Wednesday, June 4, 2008

Midway, 4-7 June 1942

HIJMS Hiryū dodges a stick of bombs dropped by a US Army Air Forces B-17 heavy bomber at about 8 a.m. on 4 June 1942, northwest of Midway Atoll. Note the large hinomaru (Rising Sun) painted on Hiryū's bow. Two aircraft, probably A6M2 Zero fighters, appear to be parked amidships, just forward of the ship's center elevator, near Hiryū's island. The Rising Sun would make a convenient aiming point for US Navy SBD Dauntless dive bomber pilots that same evening. (USAF Photo)

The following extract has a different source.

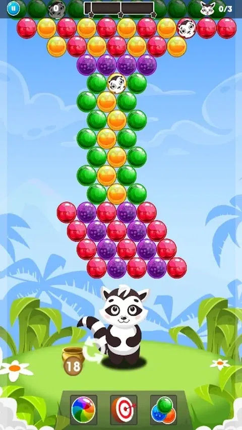 你喜欢泡泡射击游戏吗?如果是,那么这个游戏适合你。现在,告别老式的经典泡泡射击游戏,加入我们独特的泡泡射击浣熊救援游戏。我们的泡泡射击浣熊救援是一款很棒的泡泡射击游戏。在这个游戏中,您必须至少射击 3 个相同颜色的泡泡!游戏的目标是帮助浣熊从泡泡中拯救她的婴儿。资产包括许多游戏功能和障碍。玩家必须使用独创性和技巧来通过关卡。接受挑战,点击并射击!爆破泡泡!冲破泡泡墙,享受无尽的免费射击! 下载并享受游戏

Today is the anniversary (in 1942) of the Battle of Midway, fought between US forces (Army, Navy and Marine aviation) and the Imperial Japanese Navy near Midway Atoll in the Pacific. The battle gutted Japan's carrier striking force (Dai-Ichi Kido Butai), costing Japan's First Air Fleet the aircraft carriers Akagi, Kaga, Sōryū and Hiryū. Japan also lost heavy cruiser Mikuma.
The Americans lost aircraft carrier Yorktown (CV-5) and destroyer Hammann. Both sides lost hundreds of airplanes. The Americans lost at least 300 young men dead, the Japanese ten times that. From 7 December 1941 until Midway, the US was on the defensive in the Pacific. No longer. At Midway, the United States, in Gordon Prange's words, put aside the shield and picked up the sword.
This battle, involving hundreds of ships and thousands of men, was fought and won by barely 200 young men, mostly in their twenties; navigating aircraft between moving points by slide-rule, pencil and dead-reckoning over miles of empty ocean. Those with good navigation, who didn't crash at sea, arrived over their frantically maneuvering targets between 9 and 10:30 to drop their ordinance and possibly be killed by other terrified young men. Then they had to escape the enemy, and try to make it back to their own ships, again over miles of ocean; landing to perhaps do it again. Assuming that is, they could even find their moving ships, or they didn't run out of gas first. Many pilots (and their gunners, who depended on their pilots to get the navigation right) simply vanished.
I will possibly have more to say on Midway tomorrow. But remember the pilots of Midway today. In particular, remember in your prayers Wesley Osmus, Ensign USNR, (USS Yorktown), Frank W. O’Flaherty, Ensign USNR (USS Enterprise), and Bruno Gaido (Aviation Machinist's Mate -- O'Flaherty's gunner) -- aviators captured during the attacks on the Japanese fleet, and murdered by their captors.

Went the day well ?
We died and never knew.
But, well or ill, Freedom, we died for you.

John Maxwell Edmonds, London Times, 6 February 1918.